Ruby metrics (collected with stackprof):

  • GC count/time: Frequency and duration of garbage collection
  • Heap pages: Memory allocated by Ruby VM
  • Live objects: Number of objects in memory

Statistical Analysis

Welch's t-test

Tests whether two frameworks have significantly different mean performance.

Null hypothesis (H₀): Framework A and Framework B have equal mean RPS.

Alternative hypothesis (H₁): Frameworks have different mean RPS.

Result interpretation:

  • p < 0.05: Reject null hypothesis, difference is statistically significant
  • p ≥ 0.05: Cannot reject null hypothesis, difference may be random

Cohen's d Effect Size

Measures the magnitude of performance difference in standard deviation units.

d = (mean_A - mean_B) / pooled_standard_deviation

Interpretation:

  • d < 0.2: Trivial difference
  • d = 0.2-0.5: Small difference
  • d = 0.5-0.8: Medium difference
  • d > 0.8: Large difference

Example:

Framework A: 50,000 RPS (σ = 1,000)
Framework B: 45,000 RPS (σ = 1,200)
Cohen's d = 4.5 (very large effect)

Multiple Comparison Correction

When comparing many frameworks, we use baseline comparison to reduce false positives:

Instead of comparing all pairs (N²/2 comparisons), we compare each framework to a single baseline (N comparisons).

This reduces the risk of finding "significant" differences by chance when running many statistical tests.

Benchmark Execution

Load Generator

Spikard uses oha (preferred) or bombardier for load generation:

oha -z 30s -c 100 --latency-correction --disable-keepalive http://localhost:8000/endpoint

Parameters:

  • -z 30s: Run for 30 seconds
  • -c 100: 100 concurrent connections
  • --latency-correction: Adjust for coordinated omission
  • --disable-keepalive: Force new connections (more realistic)

Warmup Period

Before measurement, a 3-second warmup period runs to:

  • Populate caches
  • Trigger JIT compilation
  • Stabilize CPU frequency
  • Initialize connection pools

Server Process Management

Each framework application:

  1. Spawns in isolated process
  2. Waits for HTTP readiness (port listening)
  3. Receives warmup traffic
  4. Undergoes measured benchmark
  5. Terminates cleanly

This ensures no cross-contamination between benchmarks.

Common Pitfalls

1. Coordinated Omission

Problem: Load generators that pause when the server is slow underreport latency.

Solution: Oha's --latency-correction flag compensates for this bias.

2. Insufficient Duration

Problem: Short benchmarks (< 10s) may not capture steady-state performance.

Solution: Default 30s duration ensures stabilization. Use 60s+ for production comparisons.

3. Ignoring Success Rate

Problem: Frameworks that drop requests appear faster due to fewer completed requests.

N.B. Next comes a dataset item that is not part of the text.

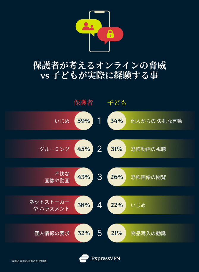 親の懸念している通り、22%の子どもがオンラインでいじめられたことを認めています。 さらに、調査対象の子どもの17%が知らない人から学校名を聞かれたことがあり、14%が自宅の住所を聞かれたことがあると回答しています。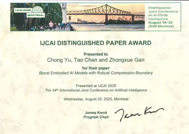▲眸深具身大模型算侧压缩框架获得IJCAI 2025全球最佳论文奖

Solution: Always check success_rate = 1.0 before comparing RPS.

4. Single Run Results

Problem: Performance varies run-to-run due to CPU throttling, background processes.

Solution: Run multiple iterations and report median RPS with standard deviation.

5. Different Runtime Versions

Problem: Python 3.11 vs 3.12 may show 20%+ performance differences.

Solution: Lock runtime versions in metadata and compare within same environment.

Best Practices

Running Benchmarks

  1. Close background applications: Disable browsers, IDEs, and other CPU-intensive processes
  2. Disable CPU frequency scaling: Set governor to performance mode
  3. Pin to physical cores: Use taskset to avoid hyperthreading variance
  4. Run multiple iterations: Execute 3-5 runs and report median
  5. Monitor temperature: Ensure CPU doesn't thermal throttle during benchmarks

Interpreting Results

  1. Check success rate first: 100% successful requests required
  2. Compare within language: Don't compare FastAPI (Python) to Express (Node.js)
  3. Consider validation overhead: Raw variants show theoretical maximum
  4. Look at percentiles: p99 latency matters for user experience
  5. Read statistical significance: p-value determines if difference is real

Adding New Frameworks

  1. Implement all workload endpoints matching existing apps
  2. Use framework's recommended production configuration
  3. Enable validation if framework supports it
  4. Create a -raw variant for overhead comparison
  5. Document framework version and runtime in app README

Future Enhancements

  • Automated regression detection in CI
  • Historical trend visualization
  • Per-endpoint profiling with flamegraphs
  • WebSocket and SSE streaming benchmarks
  • Database integration workloads (PostgreSQL queries)
  • Multi-region latency simulation